「ライド・ライク・ア・ガール」ストレートな成功劇。映画と競馬が好きな人が幸せになれる作品。
競馬場を走る馬の姿が好きである。だから、競馬の映画は観に行きたい。オーストラリアのメルボルンカップで女性騎手として初めて優勝を果たしたミシェル・ペインの実話を元に作られた映画である。だからなのか、監督も女性のレイチェル・グリフィス。
ストレートに彼女のパーソナルを大事にしながらサクセスストーリーを映像として紡いでいる。最後のメルボルンカップのシーンは競馬の興奮や楽しさを目一杯に詰め込んで、ほぼリアルタイムで描ききる。彼女のゆかりの人々が応援するところとレースのカットバックもなかなかうまい!競馬ファンが興奮する作りになっている。
ミシェルは10人兄弟の家族に生まれ、彼女は下から二番目。幼い時に後で調教師になるダウン症の弟が産まれて、母はあの世に。そして、馬を育てる父のもとで、8人が騎手になるという競馬一家。姉が一人落馬でなくなったりもする。そんな中で、ミシェルは騎手としての階段を登ろうとするが、デビューから順調ではない。無理な減量のあとのレースに勝ちはするが落馬。瀕死の状態になる。そこからの復帰。馬との出会い。様々な思いがつながっていき、メルボルンカップへの騎乗を勝ち取る。
主人公は、とにかく、これ以上ないだろうというほど強気でアグレッシブだ。思いを果たすためにただ真っ直ぐなのは気持ち良い。周囲の家族は反対をしても、その頑固さが崩れないことを知っている。そんな彼女だからこそ、勝った時の家族や周囲の人々の喜びも半端ない。その空気が見事に出ているラストは競馬場で応援した後のように心地よかった。
そして、監督は「女性だから」というハンデを乗り越えたことを明確に伝え、彼女が世の中に伝えたことをわかりやすく映画として作り上げている。
作り上げられた映像は、競馬の迫力や魅力を存分に伝えてくれている。レース中の位置取り、馬場の選び方、競馬ファンも唸らせる細かい描写もあり、レースシーンは、実際の競馬場でそれを観ているようなライブ感プラスアルファな出来になっている。
競馬の世界は今、日本でも牝馬が強さを発揮して、女性騎手たちの活躍も多くなってきている。JRAで現在ただ一人の女性騎手、藤田菜七子ジョッキーも、GⅠレース騎乗まで後、一歩のところまできている。
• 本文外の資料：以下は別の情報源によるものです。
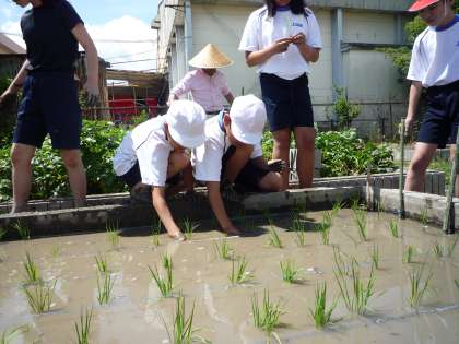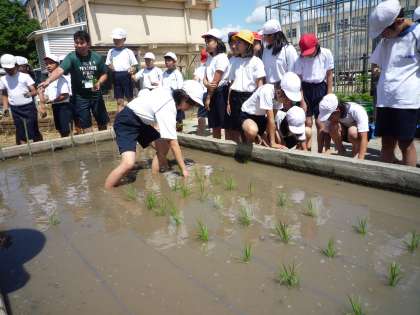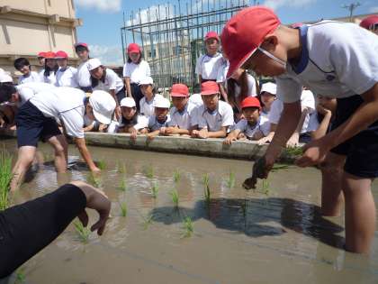 みんな初体験ながらも,地域の村田さんのお話をよく聞いて,田植えができました。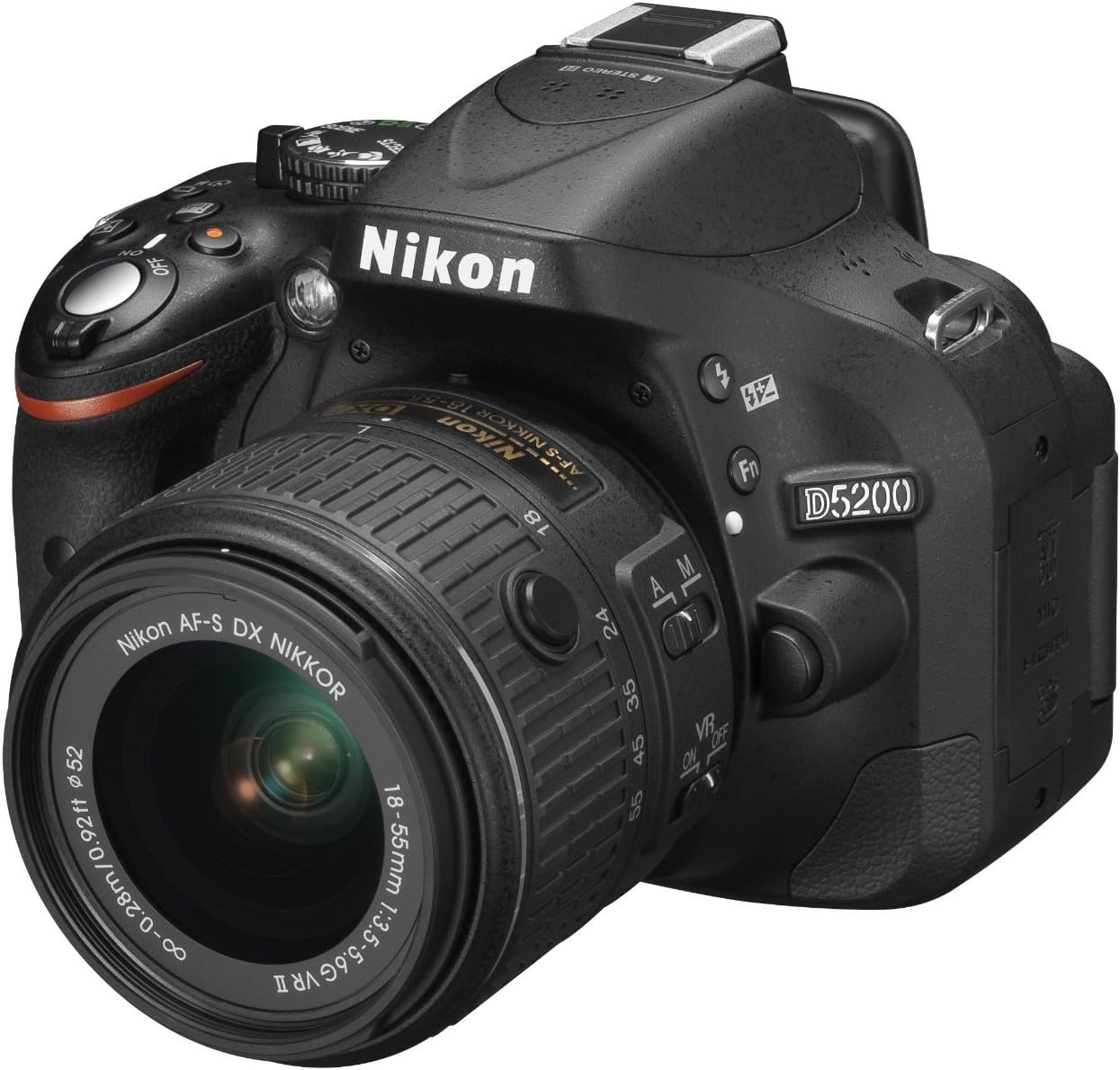 Nikon D5200 - Cámara réflex Digital de 24.1 MP Pantalla 3", estabilizador óptico, grabación de vídeo, Negro - Kit con Objetivo Nikkor AF-S DX 18-55 mm f 3.5 VR II

彼女がダービーや天皇賞や有馬記念を勝つ時に日本でも競馬の歴史が変わるということである。ファンはそれを一緒に夢見ている。そして、それはそんなに遠くない未来だと私は考えている。そんな思いも重ねて観られる映画だ。
時速60kmの速さで大きな防具もなく競われるワイルドなスポーツが競馬である。そのワイルドさと繊細さがしっかりと描かれた映画だったと思う。映画と競馬の好きな人には是非、映画館に足を運んでいただきたい。
また、何か混沌としてしまっている今の時代に疲れてしまったみなさん、ストレートに人間が限界を極めるサクセスストーリーはいかがですか?とても元気が出る一作です。
「大切なのは自分がつけるオッズだ」というセリフが出てくる。そう、人生のオッズは他人がつけるものではないと思うのだ。